2. Research Methodology

This article is a review paper and is not based on original empirical research, but on analysis of foundational data, academic papers, EU documents, reports of institutions (e.g., Eurostat, ARE, PSE, IEA) and statistical data from the past 20 years. Accordingly, the methodology of this article includes
-
Comparative analysis of quantitative data on energy mix, CO2 emissions, RES share;
-
Assessment of the impact of EU regulations (climate and energy packages, EU ETS, Green Deal);
-
Analysis of trends and barriers at the technological, social and institutional level;
-
Presentation of data in the form of graphs and time structures (e.g., change in the share of coal and RES).

3. Systemic Problems of the Polish Energy Market

3.1. Dependence on Coal

Poland is characterised by its long-term dependence on coal as an energy fuel. In the early 2000s, over 90% of electricity in Poland came from coal, and this share remained the highest among EU countries for years [10,12,13,14,15]. In 2021, 85% of Poland’s total primary energy consumption came from fossil fuels (including ~36% from coal, Figure 2). As a consequence, for years the Polish power sector was distinguished by the highest share of coal in electricity generation in the EU, which translated into huge emissions and negative environmental effects.
Although the role of coal is slowly decreasing—its share in power generation has dropped from about 80–90% in 2005–2010 to ~60% in 2023—in 2022, about 70% of electricity still came from coal [4,6,16,17,18]. This fuel profile causes a number of systemic problems: high CO2 emissions, the risk of emission allowance costs (EU ETS), and an ageing power plant fleet. Many of Poland’s coal-fired power plants were built in the 1970s and 1980s and are now depleted and operationally inflexible, hindering the integration of new, unstable RESs.

3.2. Insufficient Flexibility of the System and Infrastructure

The Polish energy system has long suffered from a lack of flexibility in balancing energy supply and demand. This is due, among other things, to the dominance of large-scale, inflexible central sources (coal-fired power plants) with a small share of rapidly regulating sources (such as gas-fired power plants or energy storage facilities) [4,10,14,19,20,21]. Poland has limited energy storage resources (several pumped storage power plants with a total capacity of about 1.8 GW). As a result, the integration of growing generation from RES, especially wind and solar, encounters barriers—forced curtailments (disconnections of PV farms) have already occurred during peaks in renewable generation due to the system’s inability to accept energy.

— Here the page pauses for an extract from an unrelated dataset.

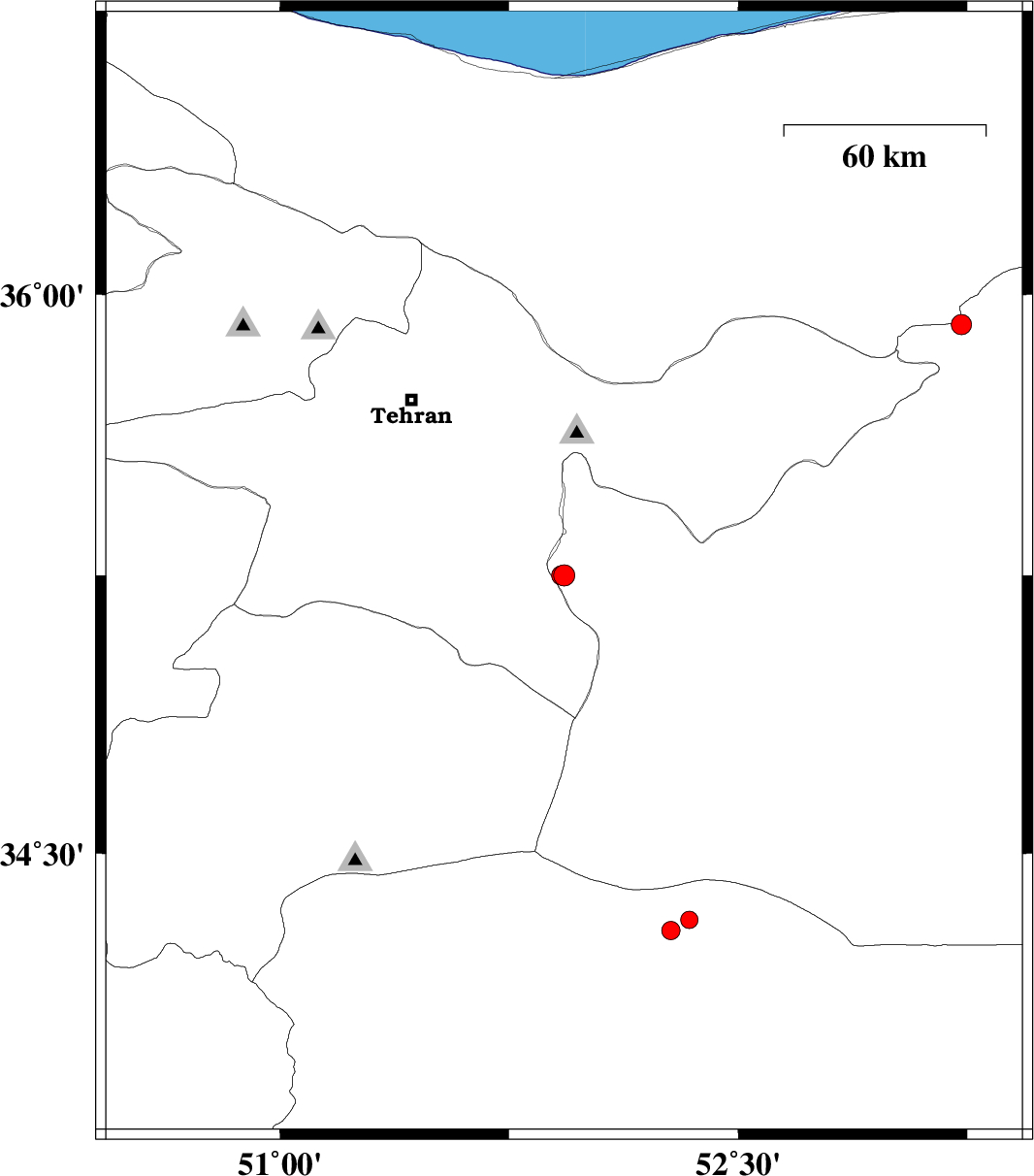 | 2011/10/07 | 00:39:11.2 | 04:09:11.2 | 35.25 | 51.93 | 15 | ML:3.1 | Semnan Province, 25 km East of Varamin | ||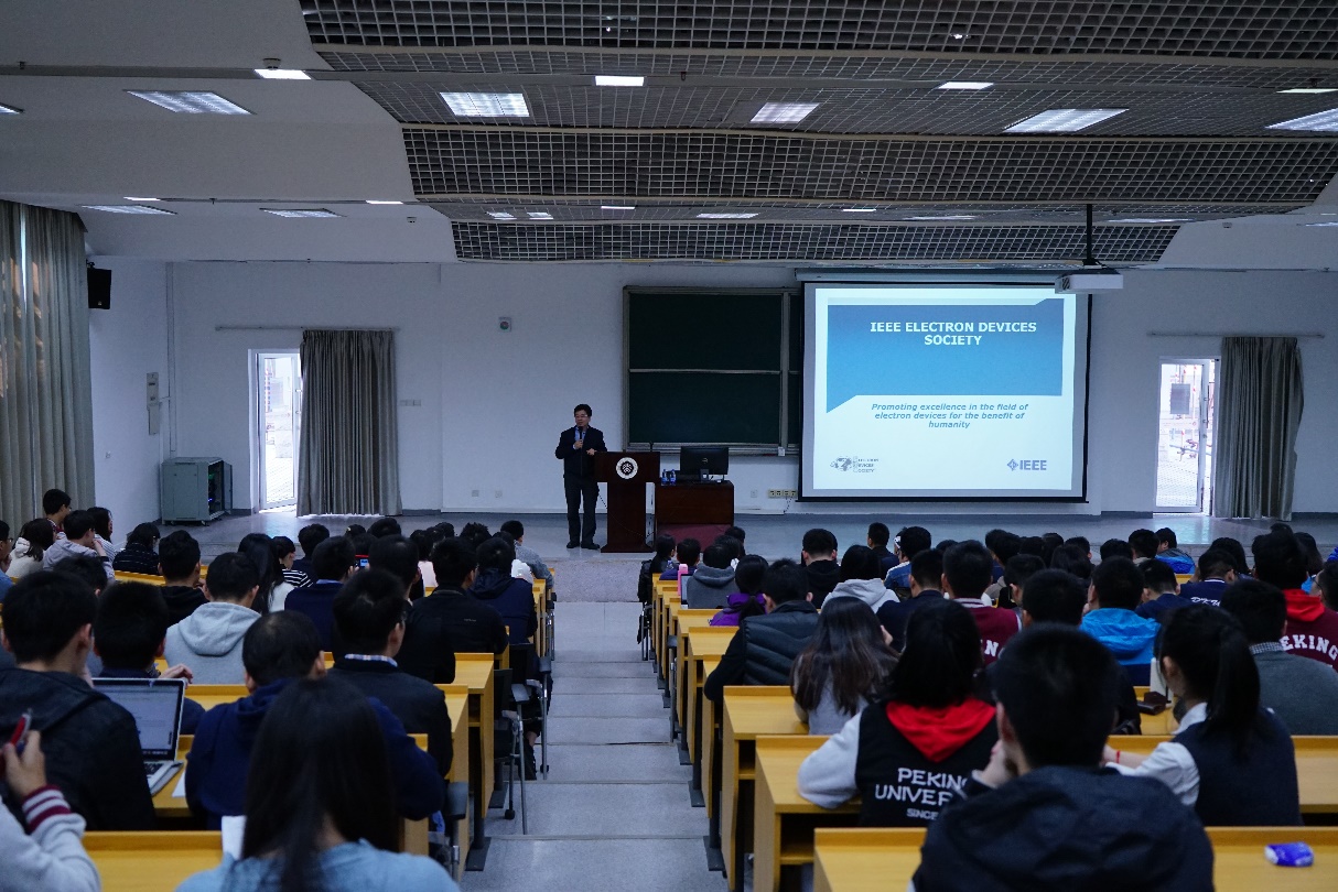 首先,黄如老师介绍了IEEE EDS(Electronic Device Society)学会组织,提出了几个关注点:publishing,education,technical recognition,并且热情欢迎大家加入EDS这个大家庭。

The transmission and distribution network is outdated—nearly half of the infrastructure is over 40 years old [12,14] and requires modernisation and expansion to meet new challenges. Integration with the European market is also limited—although Poland is connected to the systems of its neighbours (Germany, the Czech Republic, Lithuania, Sweden), a decade ago the level of cross-border capacity was still low. The low level of interconnectors reduced the possibility to import/export energy in the event of shortages or surpluses, making the system less resilient and flexible.

3.3. Ownership Structure and Market Conditions

The Polish electricity market is characterised by high concentration and dominance of state-controlled entities. Four state-owned energy groups (PGE, Enea, Tauron, Energa) control the majority of electricity generation and retail sales [4,10,22]. Despite the formal liberalisation of the energy market, over 80% of households still purchase energy at regulated prices from the former monopolists, and the rate of switching suppliers among individual consumers is among the lowest in Europe [23]. Such a structure limits competition and the inflow of new investors, often resulting in conservative investment decisions (preference for proven technologies, delaying the closure of unprofitable coal assets). In addition, state-owned energy companies have been under political pressure for years to maintain employment in the coal sector and stable energy prices, which has hampered the transition. National regulations have also been unconducive to change: official electricity prices for households were maintained until 2023, and between 2016 and 2022, one of the most stringent restrictions in Europe on onshore wind energy was in force (the so-called 10H rule—a ban on the construction of turbines with <10 times their height from buildings), which effectively blocked the development of new wind farms [24]. As a result, private investors were discouraged from getting involved in the Polish energy market, and the pace of transformation remained slower than in other countries in the region.
In summary, the impact of the dominance of state-owned entities on innovation and private investment is very visible in Poland. This is due to the fact that the energy market is dominated by large, state-owned corporations (PGE, Tauron, Enea, Energa). The effects of this domination include
-
Inhibition of competition—private investors have difficult access to transmission infrastructure and the power market.
-
Limited flexibility—investment decisions are often dependent on current government policy.
-
Slower pace of innovation—state-owned entities are less likely to take technological risks (e.g., new energy storage models, hydrogen, SMR).
-
Marginalisation of the role of start-ups and the prosumer (an energy consumer who also generates energy, typically via rooftop photovoltaic systems) sector—despite the potential for growth, there is a lack of market space and regulatory support.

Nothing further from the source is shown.